Randy in Kelowna recently wrote us a beautiful letter about his wife, Rhoda, who passed away last fall after an 18-month battle with cancer.

He described the incredible palliative care support that he and his wife received. “They laughed with us, cried with us and made my wife’s last few weeks here on earth, as difficult as they were, as pain free as possible. The team went out of their way to make her comfortable and to ease our fears of her being in any undue pain.”

Palliative care is a multidisciplinary approach to caring for those who have a life-threatening disease. It offers pain management, social, psychological, emotional and spiritual support to individuals, as well as support for caregivers.

Offering such holistic care, comfort and peace is an appropriate response to people at the end of life.
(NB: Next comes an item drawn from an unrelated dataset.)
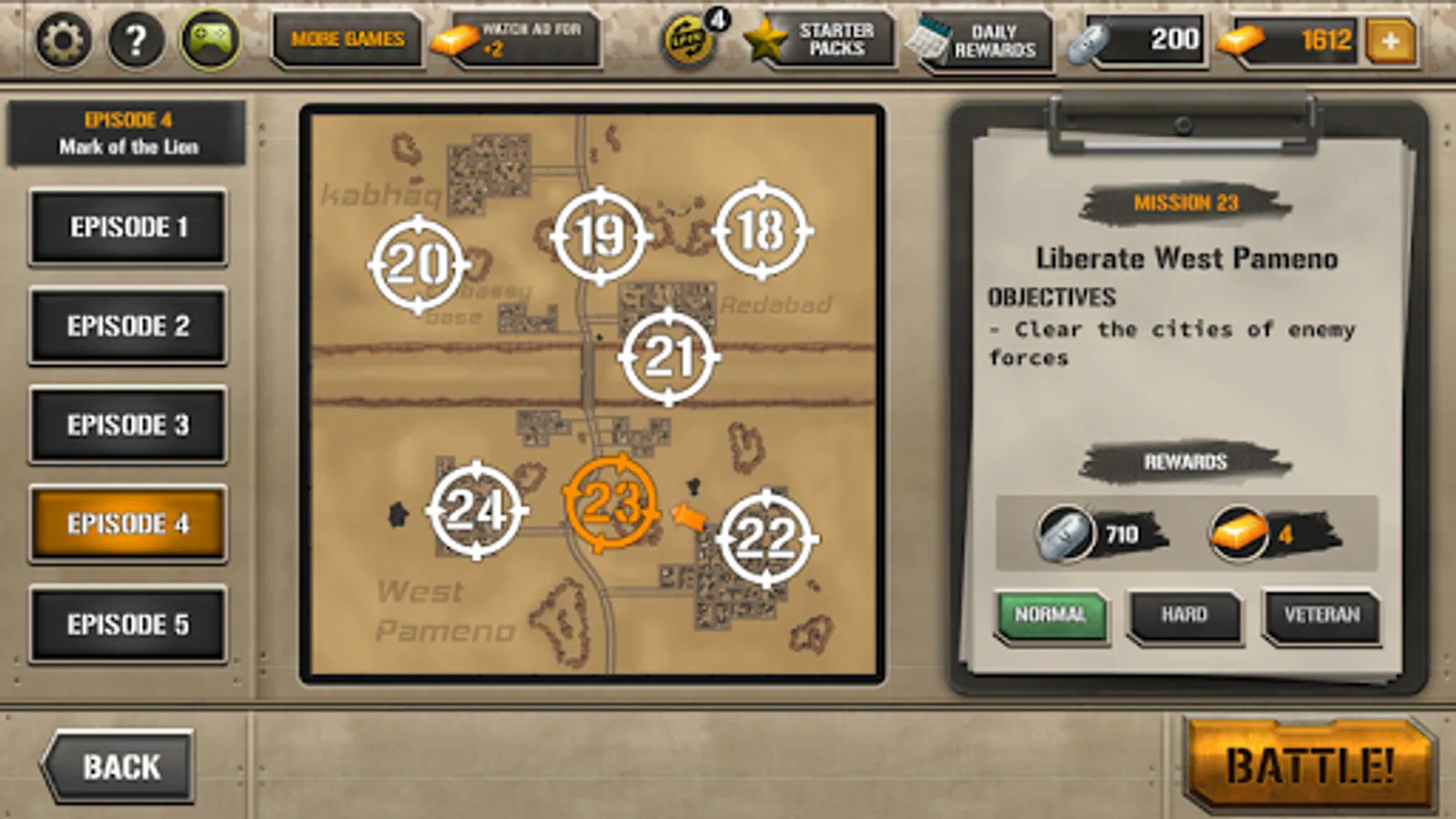 In Modern Tank Force: War Hero you can fight yourself through desert tank battles in campaign mode or go all out in a fast paced mode where you can climb the leaderboard by defeating endless waves of enemies.

The vast majority of Canadians believe that hospice palliative care has a positive impact, according to a 2013 Harris/Decima poll. But only 16 to 30 per cent of Canadians who need palliative care have access to it.

The EFC is joining with other faith leaders to issue an interfaith statement on palliative care, released at a press conference on Parliament Hill today. The statement points out that: “Visiting those who are sick, and caring for those who are dying, are core tenets of our respective faiths and reflect our shared values as Canadians. “

In this statement, we call on all levels of government to support a robust, well-resourced, national palliative care strategy. Government support and funding will make high-quality palliative care more accessible across the country.

There is a role for us, too, as individuals, families, churches and communities. We can love our neighbour by providing care and tangible expressions of love. Let’s find the places in our community where we are needed to support people at the end of life.

As Randy closed his letter to us, “If Rhoda and I knew that this would have been an issue, we would have documented or somehow recorded her final days just to see how beautiful and spiritual it can be with proper palliative team training.”